|
|
|
|
|
by wegfawefgawefg
946 days ago
|
|
I dont think the theories here about why chatgpt puts out such bland content are correct. I don't think it is bland due to an averaging effect of all the data. The reason I dont think that is the case: I used to play with GPT3 and 3 was perfectly capable of impersonating any insane character you made up, even if that character was extremely racist or had funky spech, or was just genuinely evil.
It was hilarious and fun. gpt4's post training is probably what caused the sterility. I expected gpt4 to be the same until I played with it and was so dissapointed by its lack of personality. (Even copilot has personality and will tell jokes in your code comments when it gives up) |
|
You could see the difference in GPT-3 before they depreciated the TextCompletion API.

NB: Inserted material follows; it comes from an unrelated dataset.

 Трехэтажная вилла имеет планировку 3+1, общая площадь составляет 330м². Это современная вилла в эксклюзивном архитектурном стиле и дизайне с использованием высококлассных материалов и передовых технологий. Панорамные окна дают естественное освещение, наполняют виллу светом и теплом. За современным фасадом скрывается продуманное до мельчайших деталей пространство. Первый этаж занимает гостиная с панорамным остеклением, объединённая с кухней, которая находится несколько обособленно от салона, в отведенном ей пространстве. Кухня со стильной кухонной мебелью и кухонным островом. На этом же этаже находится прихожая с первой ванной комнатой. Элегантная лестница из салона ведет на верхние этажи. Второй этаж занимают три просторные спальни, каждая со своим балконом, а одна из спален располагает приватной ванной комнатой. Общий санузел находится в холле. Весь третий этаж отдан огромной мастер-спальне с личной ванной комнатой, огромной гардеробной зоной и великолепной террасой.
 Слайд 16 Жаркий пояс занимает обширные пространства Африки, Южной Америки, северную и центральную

There's no way that telling a model that it is "a large language model made by Open AI that doesn't have feelings or desires" as an intermediate layer before telling it to pretend to be XYZ is going to result in as good a quality as simply directly telling a LLM it is an XYZ.

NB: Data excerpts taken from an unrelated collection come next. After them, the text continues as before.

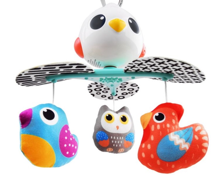 Музыкальная карусель с птицами с рамкой, вращающейся на 360 градусов. С 10 успокаивающими песнями, которые можно воспроизводить непрерывно до 30 минут. Цвета привлекают взгляд малыша, пробуждая в нем любопытство и желание учиться. Звуки и мелодии, издаваемые им, возбуждают его любопытство, открывая новые способы игры. Карусель также можно вращать без активации песни.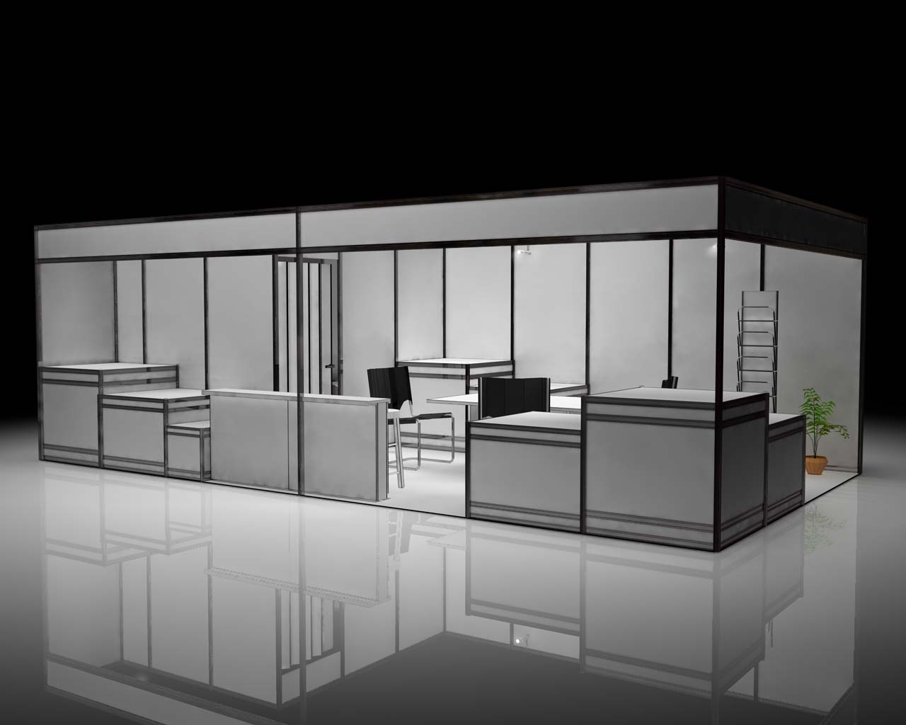secondo me dovresti aumentare la luce anche sul lato corto dello stand, è probabile che sul fascione vada messa della grafica.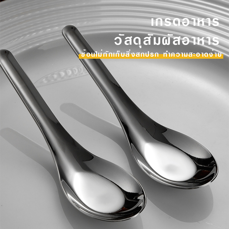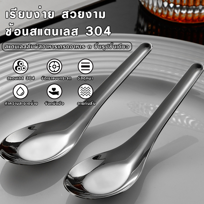 [12 แถม 12] ช้อนสแตนเลส 304 ช้อนข้าว ช้อนแกง ช้อนราเมน ช้อนซุปสแตนเลสคุณภาพสูง ขนาดใหญ่ 4×13CM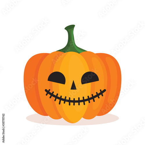 Fototapeta premium Orange pumpkin lantern with a scary face for Halloween. Festive decoration. Cartoon isolated vector illustration on white background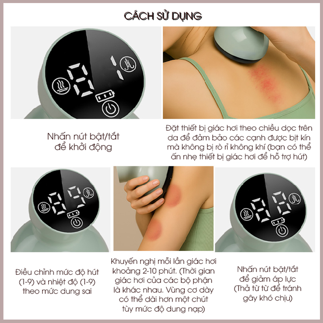 - Bắt đầu ở cường độ thấp và điều chỉnh cho thoải mái. Mức 1-3 để cạo, mức 3-5 để giác hơi.

The one area this probably doesn't negatively impact too severely are things like Big-Bench or GLUE. So they make a change that works fine for a chatbot and then position that product as a general API that kind of sucks other than the fact it's the SotA underlying model.
As soon as you see direct pretrained model access to a comparable model by API, OpenAI's handicapped offerings are going to pale in comparison and go out of style for most enterprise integrations.
And this is fine and completely safe to do, as long as they are running a secondary classifier on the output for safety instead of baking it into the model itself. So it's possible to still have safety without cutting the model off at the knees (it just increases the API per token cost, but probably results in net savings if there needs to be less iterations to get to the quality target intended).